If None is specified then either both X and y must be 1D vectors and they will be plotted against each other or X must be a 2D array with only 2 columns. If a single index is specified then the data is indexed as X[columns] and plotted jointly with the target variable, y. If two indices are specified then they are both selected from X, additionally in this case, if y is specified, then it is used to plot the color of points.

Note that these names are also used as the x and y axes labels if they aren’t specified in the joint_kws argument.

correlationstr, default: ‘pearson’

The algorithm used to compute the relationship between the variables in the joint plot, one of: ‘pearson’, ‘covariance’, ‘spearman’, ‘kendalltau’.

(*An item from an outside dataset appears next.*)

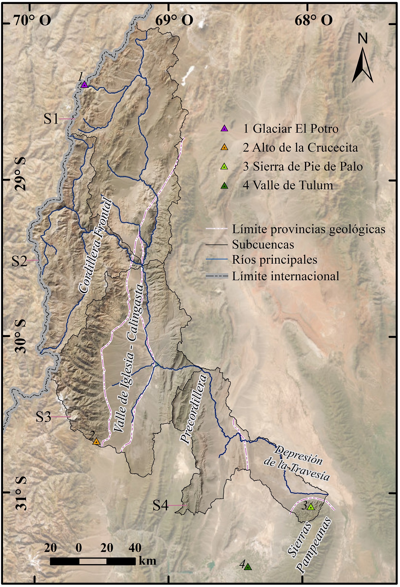 La cuenca del río Jáchal se desarrolla de noroeste a sureste sobre las unidades morfoestructurales de la Cordillera Frontal, Precordillera Occidental, Precordillera Central y Precordillera Oriental y parte de las Sierras Pampeanas (extremo norte de la Sierra de Pie de Palo) (Fig. 4). Los límites entre estas unidades morfoestructurales están representados por valles intermontanos de orientación norte-sur y de origen tectónico (Fig. 4). En particular, la cuenca estudiada tiene una pendiente que disminuye alrededor de 6 km hacia el sureste, desde la Cordillera Frontal (altitud máxima de 6.449 m s.n.m.) hasta el valle de Tulum (640 m s.n.m. en promedio). La morfología del área de estudio se caracteriza por cordones montañosos y serranías en las unidades Cordillera Frontal, Precordillera y Sierras Pampeanas, y por geoformas bajas, tales como piedemonte y playas o barreales, en el valle de Iglesia-Calingasta y en la depresión de la Travesía (Fig. 4).

kindstr in {‘scatter’, ‘hex’}, default: ‘scatter’

The type of plot to render in the joint axes. Note that when kind=’hex’ the target cannot be plotted by color.

hist{True, False, None, ‘density’, ‘frequency’}, default: True

Draw histograms showing the distribution of the variables plotted jointly. If set to ‘density’, the probability density function will be plotted. If set to True or ‘frequency’ then the frequency will be plotted. Requires Matplotlib >= 2.0.2.

alphafloat, default: 0.65

Specify a transparency where 1 is completely opaque and 0 is completely transparent. This property makes densely clustered points more visible.

{joint, hist}_kwsdict, default: None

Additional keyword arguments for the plot components.

showbool, default: True

If True, calls show(), which in turn calls plt.show() however you cannot call plt.savefig from this signature, nor clear_figure. If False, simply calls finalize()

kwargsdict

Keyword arguments that are passed to the base class and may influence the visualization as defined in other Visualizers.

Attributes
corr_float

The correlation or relationship of the data in the joint plot, specified by the correlation algorithm.